6. You are a guest; conduct yourself like one. Practice good manners. Express gratitude. Accept hospitality when it is offered to you. Should you be given something to eat or drink that offends your principles, learn to refuse it graciously.

7. Be discreet in carrying your Bible or Christian literature in public. In taking my Bible to church I always have it inside a briefcase or a shopping bag.

8. If possible keep in contact with the U.S. Embassy. The State Department issues regular alerts about possible dangers to U.S. citizens. Should there be a difficulty of any kind go to the embassy for advice and help.

9. Never let your guard down! When in one of the restricted-access countries, assume that you are constantly being observed. I have noticed that even in church buildings, among believers, the local folk will either speak in hushed tones or not talk at all on certain sensitive subjects.

10. Trust God. In this day when world terrorism is being exported around the globe, our only safe place is in “the hands of God.” You are traveling on kingdom business. Remember that God is able to protect when no one else can. King David wrote in Psalm 23:4. “I will fear no evil, for you are with me.”

1. Don’t be an obvious American. It is fine to be patriotic, but in other countries don’t wear garments or jewelry with American flags or such symbols. In your conversations avoid references to the way we do it back home.

2. Don’t gather with Americans in large clusters. Several colleges no longer take groups to work at archeological sites in the Bible lands. A team of U.S. students could become a target for radicals.

3. Don’t talk politics. During election year 2004 I found many locals, especially taxi drivers, wanting to know which presidential hopeful I supported. It was difficult to keep it to myself, but I had not gone overseas for political purposes.

4. Don’t talk loudly. We Americans have a reputation of being heard before we are seen. Talkative, boisterous visitors can be offensive to the local population. I sometimes need to be reminded when I forget and use my resonant “preacher voice.”

5. Don’t use “Christian talk.” Refrain from discussing matters relating to church, conversions, missionaries, etc. in taxis, hotel lobbies, restaurants, and other public places. Taxis are especially vulnerable. I have been told that the government of one country employs secret police as cab drivers. The driver who claims he does not speak English may indeed understand every word.

6. Don’t flash your money around. You could be robbed and certainly will be misunderstood. It is your responsibility to learn how best to protect your cash, credit cards, and legal documents.

7. Don’t belittle their religion or cherished beliefs. Study and learn about their religion. We do not have to agree with their beliefs in order to respect the people.

8. Don’t send the wrong message with your body language. It has helped to read some of the good books available on this subject before setting out on our journey. That way we avoid giving offense by the way we sit, stand, gesture, or look at others.
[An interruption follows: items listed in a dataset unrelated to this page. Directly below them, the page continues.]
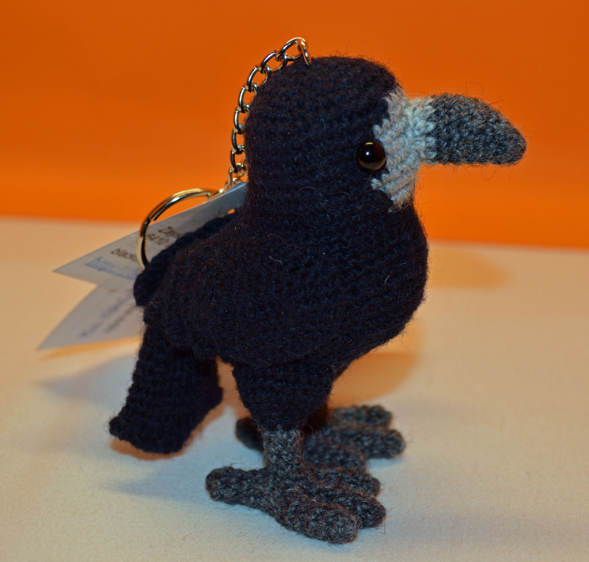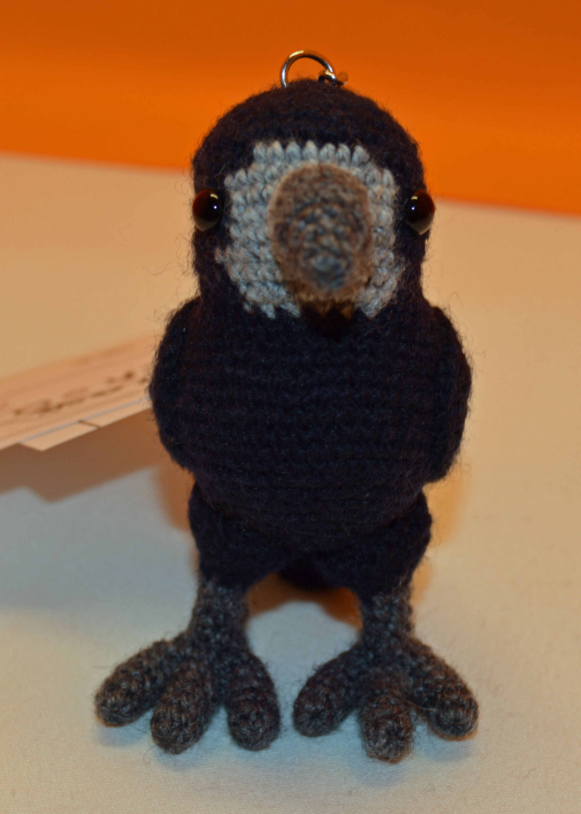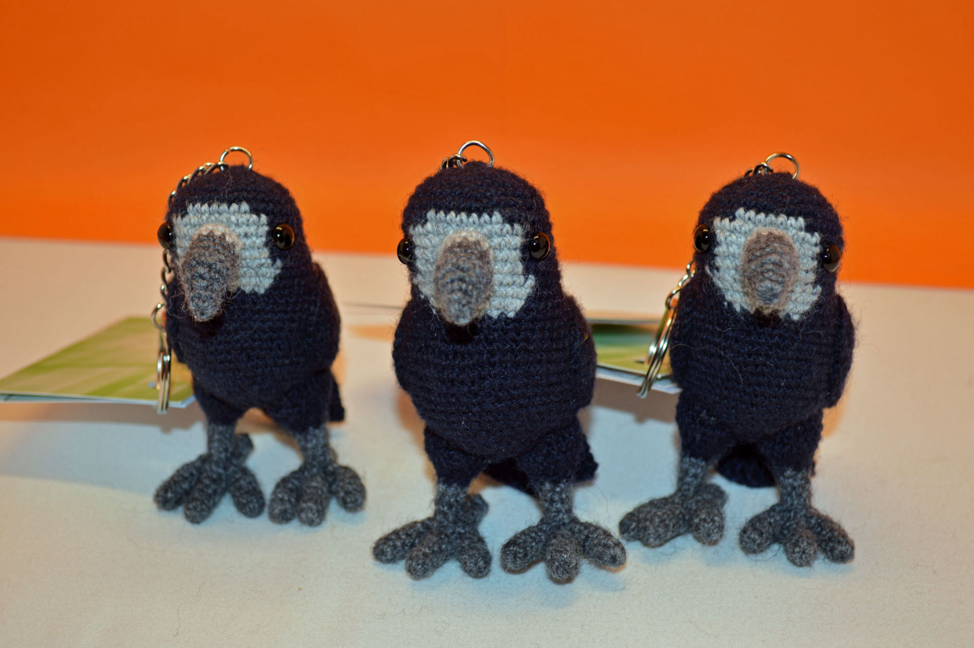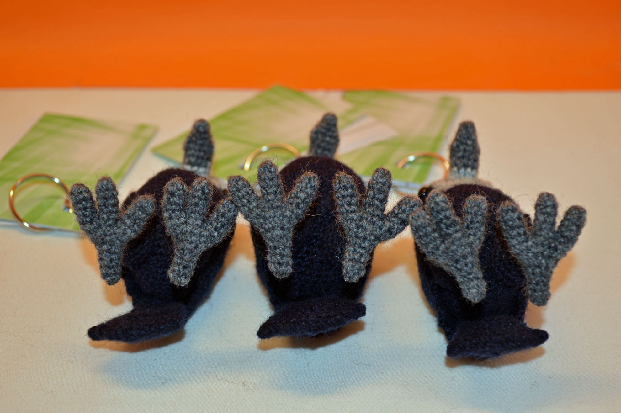 Material: Wolle Nachtblau, Grau, Hellgrau, Glasaugen, Bastelwatte
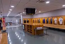 Toutes les installations, qui leur sont réservées, sont situées au niveau de la pelouse, à l’ouest, et sont directement accessibles par les bus des joueurs. Elles comprennent des locaux d’accueil et de contrôle, deux vestiaires de 120 m2 chacun (foot et rugby), un vestiaire d’athlétisme de 400 m2, deux vestiaires d’arbitres, deux chambres d’appel, deux salles d’échauffement, des bureaux pour les délégués, des locaux pour le jury, une infirmerie, des salles de contrôle antidopage. Des espaces sont également spécialement conçus pour les artistes : des loges et salons, une salle de répétition pour les musiciens, les chœurs, les figurants, une salle de stockage pour les costumes, un espace détente, des locaux pour les décors et instruments. Les vestiaires ont été pensés par Michel Platini[56].
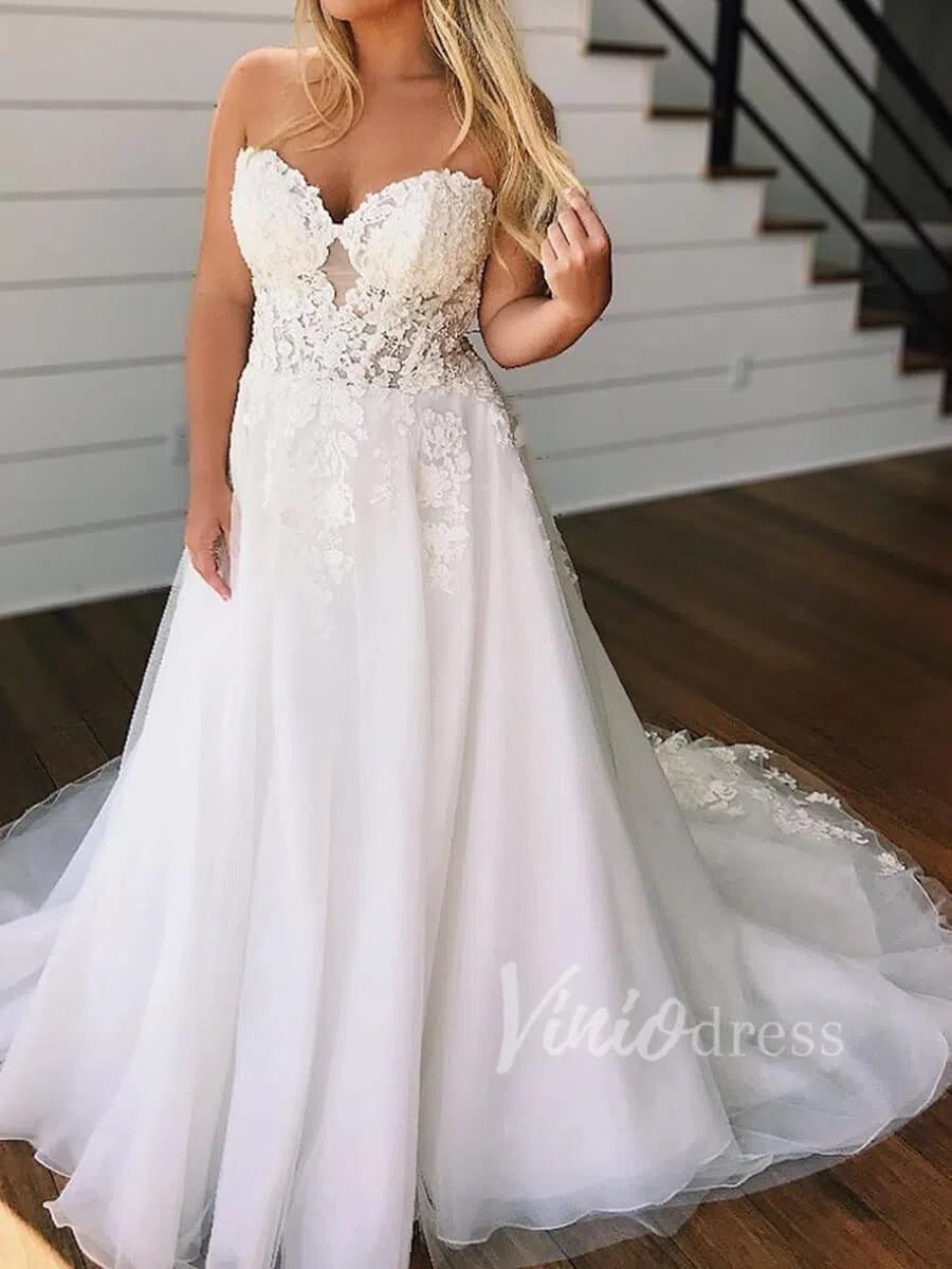 Robes de mariée de plage avec corsage en dentelle sans bretelles 2019 VW1253
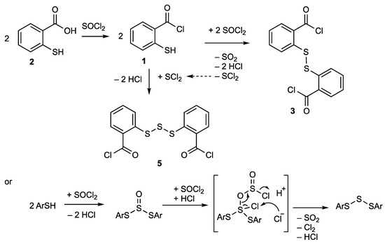 Despite its low yield, the mechanism by which compound 5 was formed is of some interest. We have been able to find two literature precedents for such a process. In the most similar case, 1,2-dihydro-2-thioxopyridine-3-carboxylic acid (which can be formulated as 2-mercaptopyridine-3-carboxylic acid and is, thus, the direct aza analogue of 2) reacts with thionyl chloride to give a mixture of di- and tri-sulfanediyldiacid chlorides [20]. In the other, a range of substituted thiophenols react with thionyldiimidazole to give mixtures of diaryl disulfides and diaryl trisulfides [21]. With these processes in mind, we suggest that the formation of 5 may involve either oxidative coupling of 1 under the influence of thionyl chloride to give 3 and sulfur dichloride, which then reacts with 1 to give 5 (Figure 5); or, alternatively, it may proceed via stepwise formation of the trisulfane 2-oxide, which is then deoxygenated with concomitant formation of chlorine.
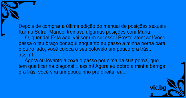 Depois de comprar a última edição do manual de posições sexuais Karma Sutra, Manoel treinava algumas posições com Maria:
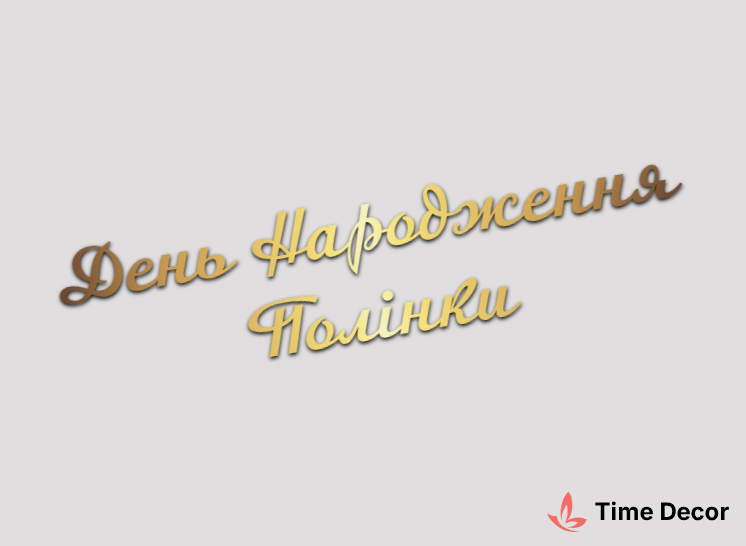Пластиковий напис "День Народження Полінки" – дзеркальний або матовий пластик, можливе виготовлення з клейкою зворотною поверхнею для легкого монтажу.
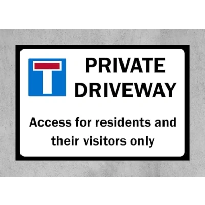 Private driveway access for residents and their visitors only Sign 3mm Aluminium sign Digitally printed and laminated for extra durability 10mm Radius rounded corners, no sharp edges
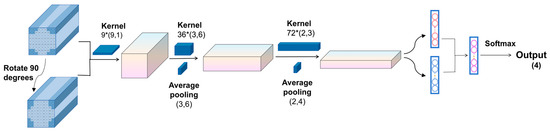 The first convolutional layer was a depthwise convolution layer with a kernel size of (9,1) and output channel depth of W, using zero padding and a stride of 1. The activation function was ELU, and a dropout rate of 0.25 was applied. The second convolutional layer was also depthwise, with a kernel size of (3,6) and 36 output channels. It used zero padding, a stride of 1, and ELU as the activation function. A batch normalization layer was applied, along with a dropout rate of 0.25. Finally, an average pooling layer with a kernel size of (3,6) was used to reduce the feature dimensions. The third convolutional layer was again depthwise, with a kernel size of (2,3) and 72 output channels. It used zero padding, a stride of 1, and ELU as the activation function. A batch normalization layer was also included to accelerate convergence. An average pooling layer with a kernel size of (2,4) was subsequently used. A fully connected layer with 256 units was added, followed by a Softmax layer for four-class classification.

It may be extremely important, for example, to learn which hand to use for what purposes.

9. Don’t take pictures without asking. The thoughtless use of a camera can be insulting in many cultures.

10. Don’t become paranoid. With all these negatives you might be so uptight that you spoil your trip. Learn all you can before you go. Take every precaution necessary, pray without ceasing, and then enjoy your visit. You will likely find that most ordinary citizens are helpful and glad you took the time to visit their homeland.

Increased security and other modifications international travelers now face need not be a hindrance to kingdom work. In fact they can enhance your journey with increased sensitivity. Serving in difficult places heightens your awareness of how powerfully God and his people are working around the world. For my wife and me these changes, and the tragedies that prompted them, have increased our determination to never give up until the gospel has reached the ends of the earth.

Nabil Cornelius is the pen name of an American working in a restricted-access country.